> _TASK INSTRUCTIONS_
Only the lines below from the one that holds "小寺庄太郎さんの総運は29画の4点!" through the one that holds "dikutip Kamis (12/7/2018)." should appear in the answer, copied exactly, end lines included and pictures omitted.

[RECORDS]

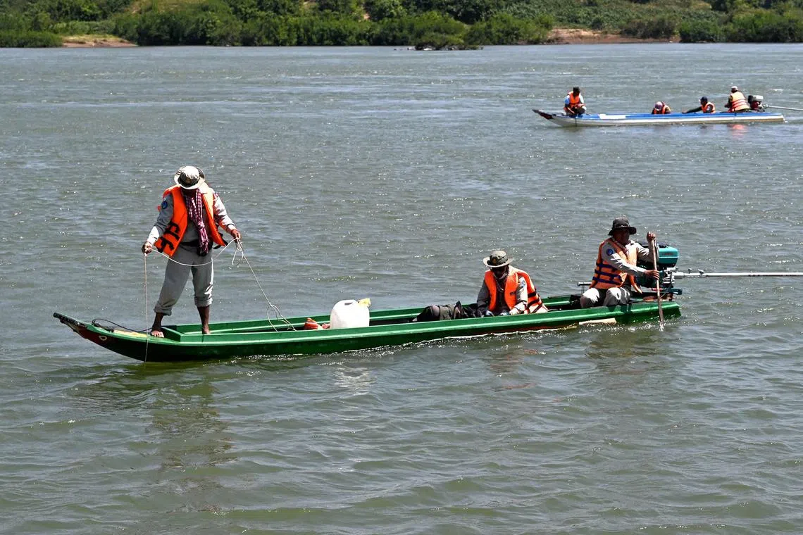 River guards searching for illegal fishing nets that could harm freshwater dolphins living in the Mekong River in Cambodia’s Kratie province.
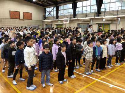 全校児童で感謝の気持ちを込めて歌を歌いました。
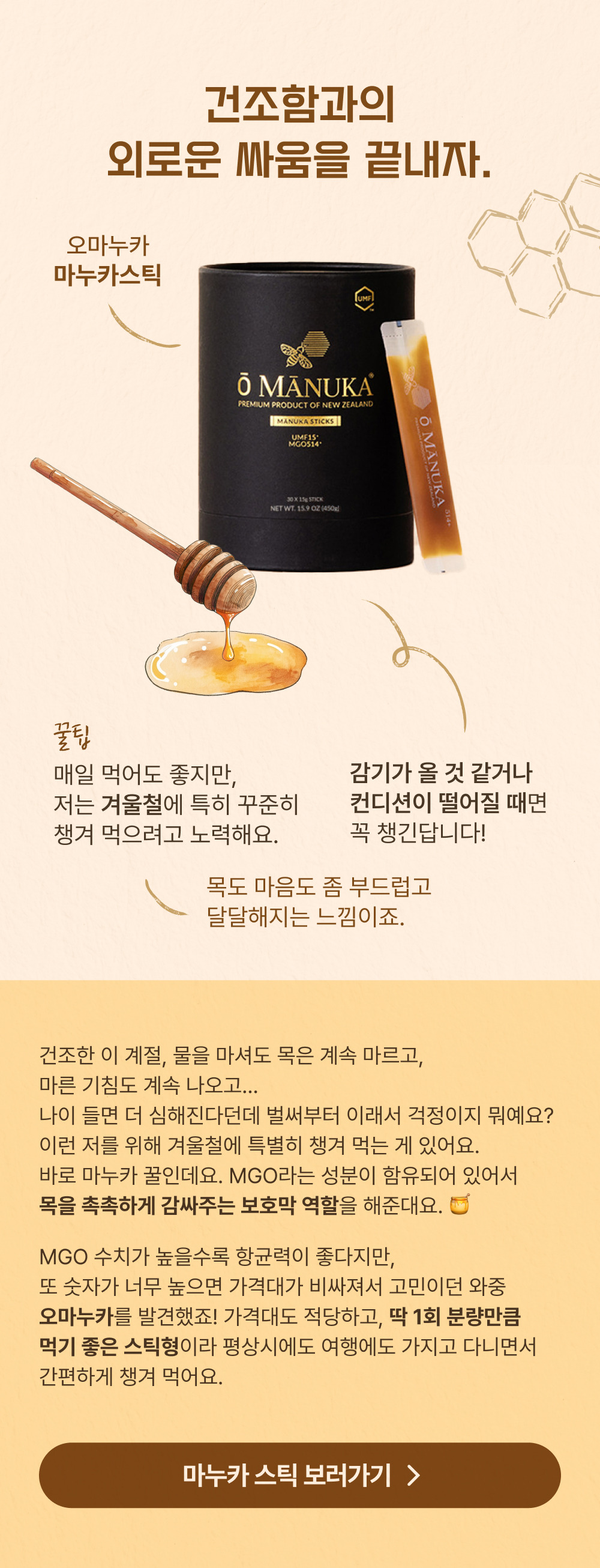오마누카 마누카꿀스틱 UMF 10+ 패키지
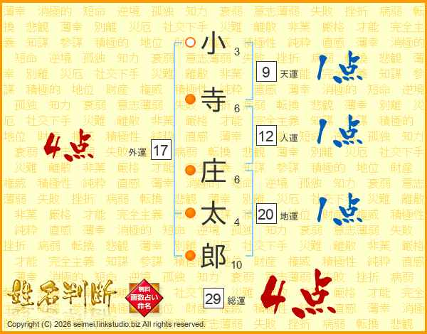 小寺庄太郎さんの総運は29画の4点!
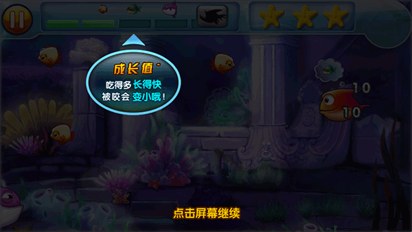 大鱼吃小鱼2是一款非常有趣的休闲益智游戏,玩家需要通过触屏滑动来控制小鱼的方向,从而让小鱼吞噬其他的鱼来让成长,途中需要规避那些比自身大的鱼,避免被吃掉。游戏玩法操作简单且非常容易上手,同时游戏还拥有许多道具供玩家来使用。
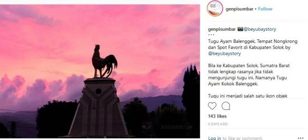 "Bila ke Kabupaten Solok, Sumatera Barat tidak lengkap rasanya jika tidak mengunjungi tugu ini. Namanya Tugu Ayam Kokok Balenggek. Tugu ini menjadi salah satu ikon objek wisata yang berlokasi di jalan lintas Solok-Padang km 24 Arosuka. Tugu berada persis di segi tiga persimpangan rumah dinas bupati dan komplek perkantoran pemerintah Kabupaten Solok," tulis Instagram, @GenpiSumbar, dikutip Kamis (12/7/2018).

[/RECORDS]
[RECORDS]

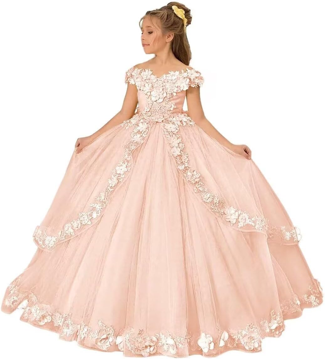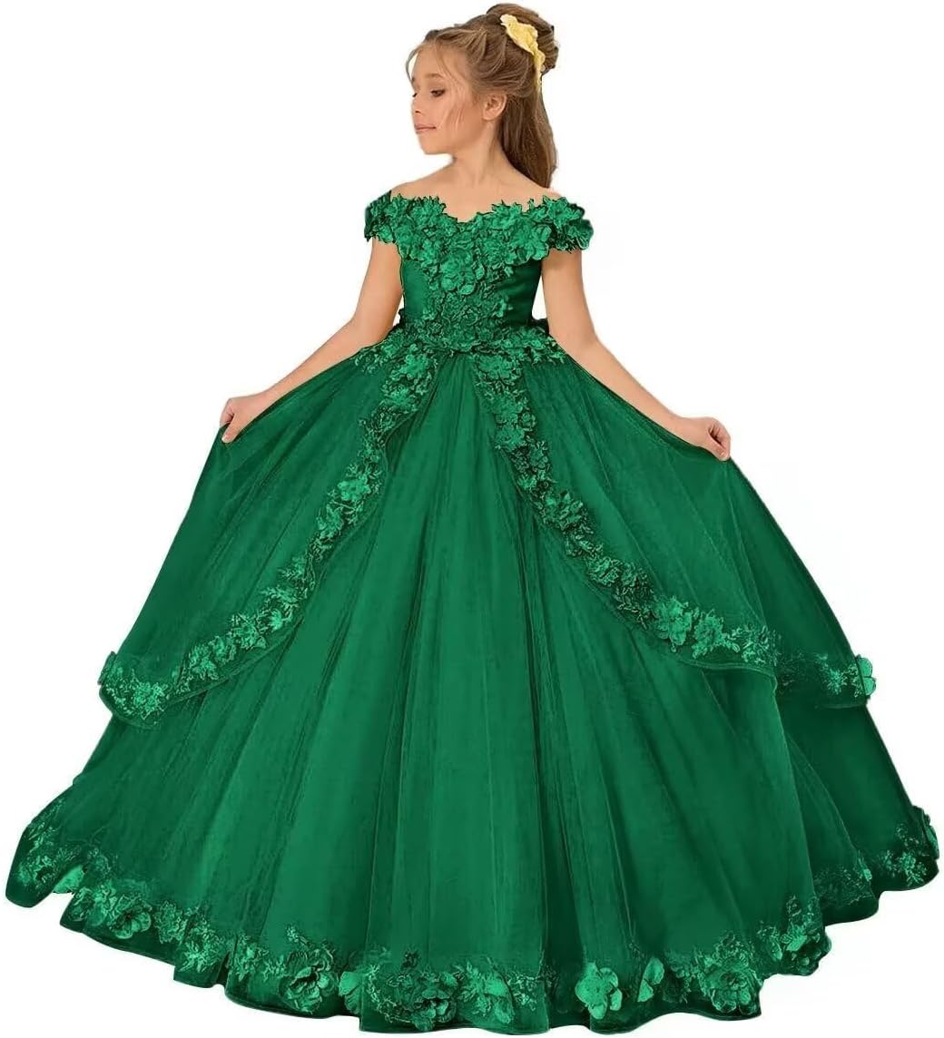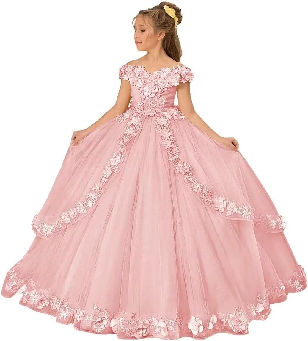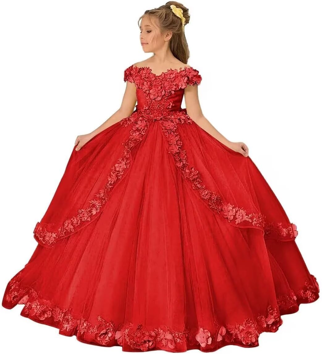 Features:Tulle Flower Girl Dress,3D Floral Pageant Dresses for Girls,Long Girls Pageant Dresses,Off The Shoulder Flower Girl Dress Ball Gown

[/RECORDS]

> _RESPONSE BELOW_
 小寺庄太郎さんの総運は29画の4点!
 大鱼吃小鱼2是一款非常有趣的休闲益智游戏,玩家需要通过触屏滑动来控制小鱼的方向,从而让小鱼吞噬其他的鱼来让成长,途中需要规避那些比自身大的鱼,避免被吃掉。游戏玩法操作简单且非常容易上手,同时游戏还拥有许多道具供玩家来使用。
 "Bila ke Kabupaten Solok, Sumatera Barat tidak lengkap rasanya jika tidak mengunjungi tugu ini. Namanya Tugu Ayam Kokok Balenggek. Tugu ini menjadi salah satu ikon objek wisata yang berlokasi di jalan lintas Solok-Padang km 24 Arosuka. Tugu berada persis di segi tiga persimpangan rumah dinas bupati dan komplek perkantoran pemerintah Kabupaten Solok," tulis Instagram, @GenpiSumbar, dikutip Kamis (12/7/2018).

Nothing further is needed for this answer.